O design não deve ser um impedimento para que as plantas que agrupamos cumpram igualmente uma função reguladora na disparidade do clima urbano. A radiação solar, a convecção térmica e a evaporação podem ser controladas eficientemente pelos projetos paisagísticos.
8. Explorar os espaços externos de maneira que reflitam melhor nossa capacidade interior.
O atributo de estudar nosso mundo interior auxilia a conhecer-nos melhor, podendo assim construir um ambiente que tenha sentido. Conhecer-se intimamente ajuda na escolha daquilo que realmente nos fará bem. As redondezas da nossa existência, o âmbito onde atuamos, devem estar sintonizados com a nossa consciência.
9. Equilibrar o gramado com o relvado.
Considerando que um gramado consome, em média e dependendo do clima, 6 litros de água diários por metro quadrado, é indicado o uso de herbáceas (forrações) que têm a capacidade de captar água das camadas superficiais e retê-la por mais tempo. A utilização de grama em locais sombreados é inadequada.

10. Expressar o luxo da paisagem por intermédio do bom gosto e de bom censo e não da opulência exposta futilmente.
A natureza não está atrelada a grifes. O verdadeiro luxo é a manifestação de aperfeiçoar nosso modo de contemplar, aliando o prazer ao sossego necessário para uma vida feliz e aprazível. Acreditar que o melhor jardim é aquele que nos leva a um estado de tranquilidade e autoconfiança, capacitando-nos na escolha daquilo que é bom para nós, sem preocupar-nos exageradamente com a opinião alheia.
11. Colocar os elementos paisagísticos nos locais corretos.
Há sempre uma ordem, mesmo que imperceptível, na paisagem bem estruturada. Existe um alto nível hierárquico entre os vegetais, o qual deve ser respeitado. Há uma ancestralidade e uma hierarquia que agrupa famílias constituídas por espécies, apresentando entre si semelhanças significativas. A beleza também deve ser considerada e compreendida como elemento importante, evidenciada a todo momento no processo evolutivo do homem.

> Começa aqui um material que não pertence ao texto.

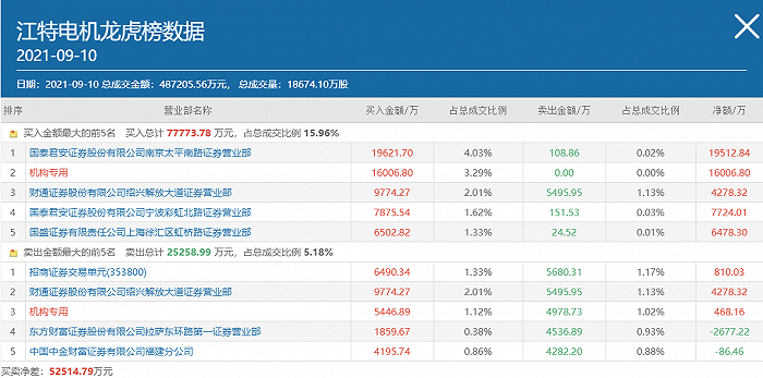 9月10日,除了作手新一、章盟主等知名游资以外,还有部分机构资金也继续看好江特电机。其中,一个机构专用席位居于该股龙虎榜买方第二位,买入金额为1.6亿元。另有一个机构专用席位买入该股5446.89万元,同时卖出4978.73万元。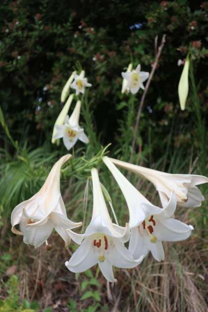 東門を出た国道沿いの側道には、自生するユリの花が咲き始めています。細い茎に似合わず、大きな花を咲かせるユリ。生い茂る周りの草たちに負けないよう、花全体の高さと大きさで存在感をアピールしているようです。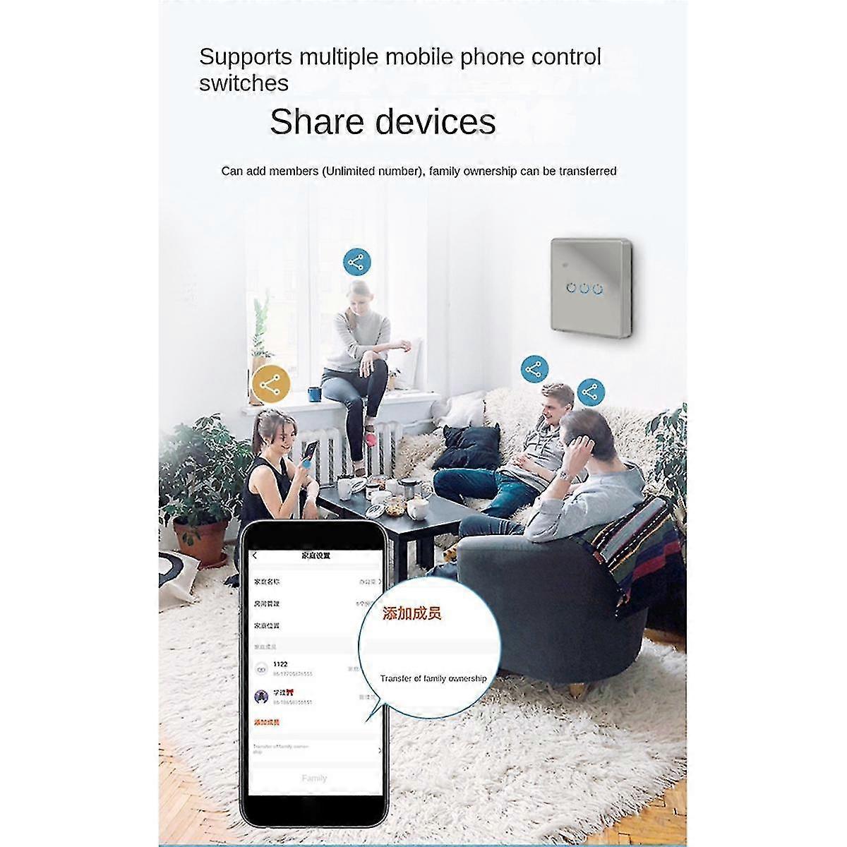 Tuya Wifi Smart Switch Touch Light Switch Zero Fire Line 2 Switch Grey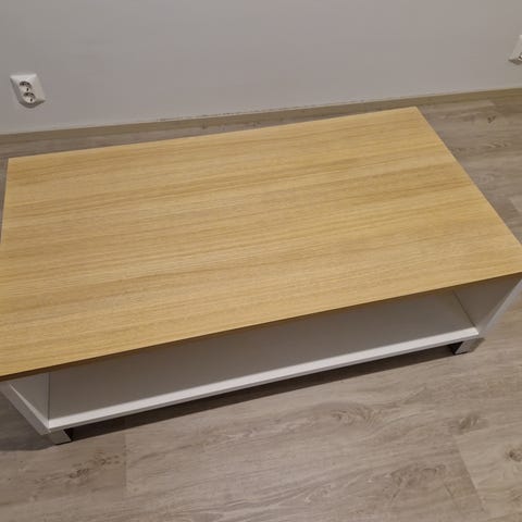 Myydään kuvan mukainen sohvapöytä, jossa alla hyllytaso ja kaksi ulosvedettävää säilytyskoria. Viilu hieman rispaantunut pöydän päädystä muutamasta kohtaa ( ks. kuva) muuten siisti.

O belo jardim é constituído por formas proporcionais relacionando-se, desta forma, ao equilibrio como elemento de composição da paisagem.
12. Valer-se do conceito da xerojardinagem que poupa regas, economizando água.
O regime das chuvas, a umidade relativa do ar e a disponibilidade da água vão determinar a escolha das espécies a serem utilizadas. Na caatinga pernambucana, que possui clima tropical semi-árido, com períodos de seca de 8 meses ou mais, é absurdo cultivar plantas de clima equatorial úmido, como no oeste amazônico, onde chove mais de 2.500 mm anuais. O equilíbrio entre uma boa drenagem e um solo com retenção de água ajustado às necessidades do jardim favorece o sucesso do conjunto florístico e diminui as custas de irrigação e manejo.

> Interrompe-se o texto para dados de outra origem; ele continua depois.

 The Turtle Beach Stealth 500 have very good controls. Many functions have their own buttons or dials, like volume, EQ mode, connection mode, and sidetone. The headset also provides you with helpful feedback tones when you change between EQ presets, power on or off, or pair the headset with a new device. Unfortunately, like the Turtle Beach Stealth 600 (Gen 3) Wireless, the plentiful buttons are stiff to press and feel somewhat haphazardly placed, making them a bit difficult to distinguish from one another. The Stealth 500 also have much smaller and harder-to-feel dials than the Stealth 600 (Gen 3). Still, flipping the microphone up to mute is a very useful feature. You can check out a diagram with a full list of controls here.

13. Usar melhor espécies, principalmente das famílias das compostas que, naturalmente, formam barreiras contra pragas e doenças
As chamadas plantas defensivas (poejo, camomila, tagetes dentre outras)
frustram o ataque de pragas e doenças. Os óleos essenciais afugentam naturalmente insetos e fungos, sem contaminar o meio ambiente. Um canteiro com alho-social (Tulbaghia violácea), por exemplo, mantem as cobras longe.

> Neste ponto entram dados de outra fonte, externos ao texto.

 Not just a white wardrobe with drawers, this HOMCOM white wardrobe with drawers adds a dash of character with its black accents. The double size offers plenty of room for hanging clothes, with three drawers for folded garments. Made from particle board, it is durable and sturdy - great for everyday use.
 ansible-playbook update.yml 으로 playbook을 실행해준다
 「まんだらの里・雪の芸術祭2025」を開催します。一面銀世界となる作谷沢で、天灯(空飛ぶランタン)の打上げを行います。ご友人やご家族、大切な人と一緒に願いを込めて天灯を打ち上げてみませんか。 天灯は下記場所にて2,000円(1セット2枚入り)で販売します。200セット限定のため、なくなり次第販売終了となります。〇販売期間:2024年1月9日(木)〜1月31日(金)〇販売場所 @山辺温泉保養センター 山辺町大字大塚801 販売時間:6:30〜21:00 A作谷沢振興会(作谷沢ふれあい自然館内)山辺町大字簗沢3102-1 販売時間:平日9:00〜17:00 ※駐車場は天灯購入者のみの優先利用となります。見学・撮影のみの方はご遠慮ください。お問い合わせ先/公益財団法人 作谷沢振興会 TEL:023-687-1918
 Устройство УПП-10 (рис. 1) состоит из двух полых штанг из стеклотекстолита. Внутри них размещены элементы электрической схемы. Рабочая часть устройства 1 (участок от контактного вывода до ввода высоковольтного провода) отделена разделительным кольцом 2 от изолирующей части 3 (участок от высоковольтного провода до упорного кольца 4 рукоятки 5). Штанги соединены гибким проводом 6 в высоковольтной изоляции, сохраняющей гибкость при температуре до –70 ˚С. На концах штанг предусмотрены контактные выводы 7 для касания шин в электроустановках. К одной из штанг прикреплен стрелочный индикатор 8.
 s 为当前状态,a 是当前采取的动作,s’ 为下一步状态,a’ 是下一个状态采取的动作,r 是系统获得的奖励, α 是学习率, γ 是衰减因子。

14. Organizar os espaços externos, tornando-os convidativos
Um espaço externo precisa ser observado como uma oportunidade de transformá-lo na extensão da casa propriamente dita. Ambientá-lo, gerando um recanto escondido e romântico, reservar uma área atrativa para sociabilizar grupos maiores e, se ainda há amplitude, acomodar ambientes que seduzam a ponto de nos fazer sentir tão bem lá fora como na tradicional e costumeira sala da casa.
15. Incluir, no projeto, espelhos d’água, pela função que desempenham possibilitando habitat aos sapos, rãs, lebistes e piabas, que controlam larvas e insetos.
Sempre localizados em baixadas, para lograr aparência natural, as lagoas e espelhos d’água são de fácil manutenção quando bem projetados e construídos. A presença de uma fauna aquática exige a existência de uma flora brejosa, composta por plantas que exercem importante função biológica na água, purificando-a e eliminando substancias tóxicas, formadas por queda de poeiras. Flora e fauna vivem em simbiose. A primeira produz nitrogênio, depurando o ambiente. Os peixes e os outros anfíbios fornecem adubo através de suas fezes.
16. Só há um caminho que nos conduz em direção a uma existência salutar, e ele é arborizado.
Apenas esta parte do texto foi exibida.